For Penetration Testers

This case study illustrates the immense value of enumeration. During authorized assessments:

  1. Check Shodan/Censys for the client's external IP ranges to identify exposed services that may have been overlooked.
  2. Scan for database ports (27017, 9200, 6379, 5984, 9042, 5432, 3306) on all in-scope networks.
  3. Attempt unauthenticated connections to any discovered database services.
  4. Document the data exposure — not just that the database is accessible, but what types of data it contains and the potential business impact.

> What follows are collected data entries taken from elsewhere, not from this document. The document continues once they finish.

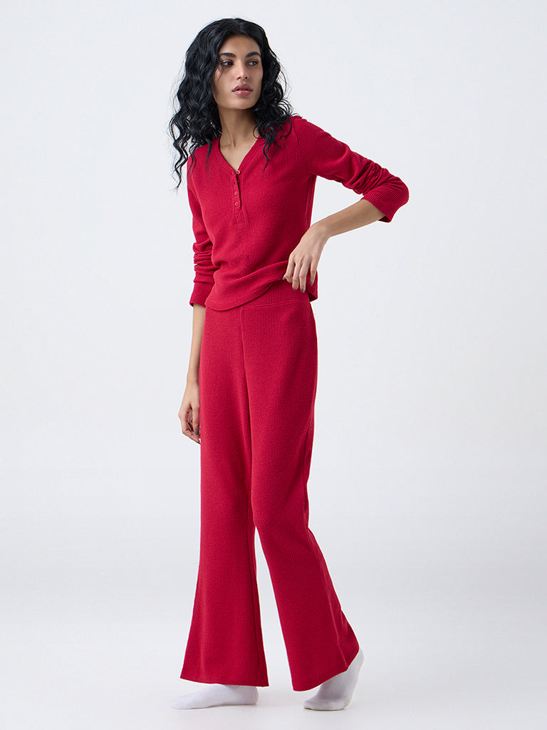 Be the first to review “Superstar Red Waffle-Textured Flared Pants”
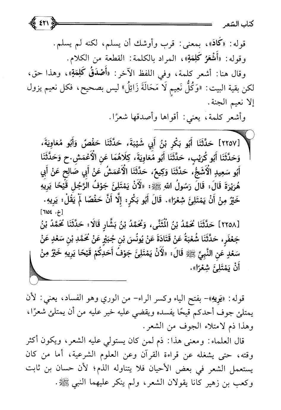 [٢٢٥٨] حَدَّثَنَا مُحَمَّدُ بْنُ الْمُثَنَّى، وَمُحَمَّدُ بْنُ بَشَّارٍ قَالَا: حَدَّثَنَا مُحَمَّدُ بْنُ جَعْفَرٍ، حَدَّثَنَا شُعْبَةُ عَنْ قَتَادَةَ عَنْ يُونُسَ بْنِ جُبَيْرٍ عَنْ مُحَمَّدِ بْنِ سَعْدٍ عَنْ سَعْدٍ عَنِ النَّبِيِّ صلى الله عليه وسلم قَالَ: ((لَأَنْ يَمْتَلِئَ جَوْفُ أَحَدِكُمْ قَيْحًا يَرِيهِ خَيْرٌ مِنْ أَنْ يَمْتَلِئَ شِعْرًا)).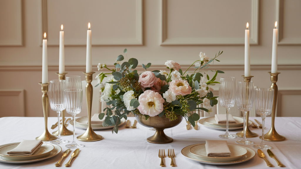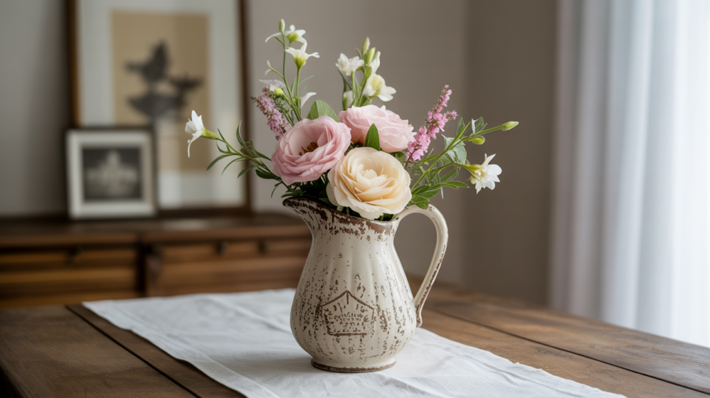 Nothing feels more romantic than a table with flowers, but this version brings in that nostalgic charm. Use a soft, vintage pitcher or an aged vase as your base and fill it with faux or fresh florals in pinks, whites, and mauves.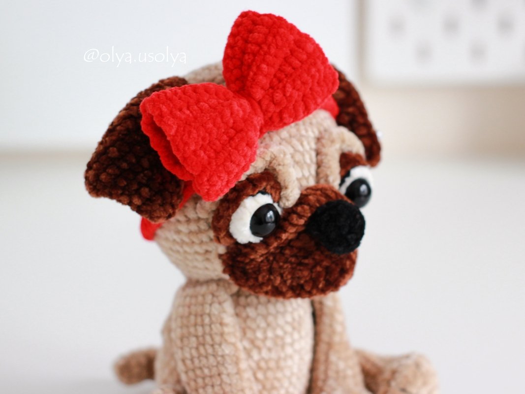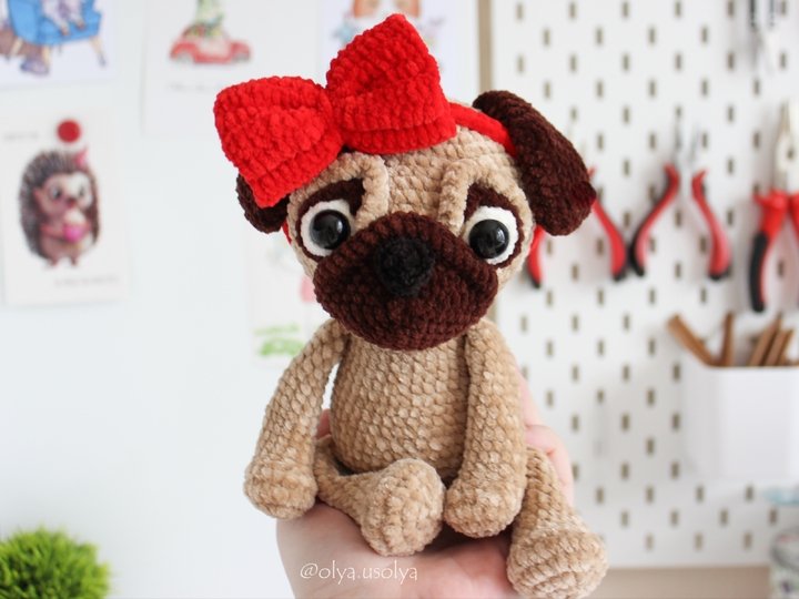 With this crochet pattern you can crochet stuffed amigurumi toy "Anabelle the pug" using a plush yarn according to the original pattern by Olya Usolya.

💡 MedSecure Scenario: During the MedSecure external assessment, a Shodan search reveals an Elasticsearch instance on port 9200 associated with one of MedSecure's development servers. The instance is accessible without authentication and contains a development copy of patient records. This is classified as a critical finding — it represents both a HIPAA violation and a patient privacy breach.

The Ongoing Challenge

Despite years of high-profile incidents, the problem persists. As of 2024, Shodan queries for exposed MongoDB and Elasticsearch instances still return tens of thousands of results. The reasons are structural:

  • Cloud makes deployment easy — but security is not automatic.
  • Default configurations prioritize convenience over security.
  • Rapid development cycles leave security as an afterthought.
  • Lack of monitoring means exposures go undetected for months or years.

Internet-wide scanning tools like Shodan and Censys have made the Internet more transparent. This transparency is a double-edged sword: it enables researchers to find and report exposures, but it also enables attackers to find and exploit them. The race between discovery and remediation continues.

Discussion Questions

  1. Shodan and Censys make Internet-wide scanning data available to anyone. Should access to these tools be restricted? What would be the consequences of restricting versus not restricting access?

  2. Many of the exposed databases were discovered by independent security researchers who then attempted responsible disclosure. However, some organizations responded with legal threats rather than gratitude. How should the security community handle this tension?

  3. Should database vendors be held liable for default configurations that lead to data exposure? Should cloud providers bear responsibility for not flagging obviously exposed services?

  4. If you discovered an exposed database containing medical records during an authorized penetration test, but the database belongs to a different organization than your client, what would you do?

  5. How does the pattern of MongoDB/Elasticsearch exposure relate to the broader concept of "shifting security left" in the development lifecycle?

Key Takeaways

  • Default configurations kill security. MongoDB and Elasticsearch both defaulted to binding on all interfaces without authentication, directly leading to billions of exposed records.
  • Shodan and Censys transform Internet-wide scanning from a research curiosity into a practical security tool. Any exposed service will be indexed and discoverable within hours.
  • Enumeration reveals data exposure. The ability to connect to a database and enumerate its contents is the same skill used by both researchers and attackers.
  • Cloud deployment amplifies risk when security controls are not configured alongside infrastructure.
  • Continuous monitoring of your external attack surface (including Shodan/Censys monitoring) is essential for any organization.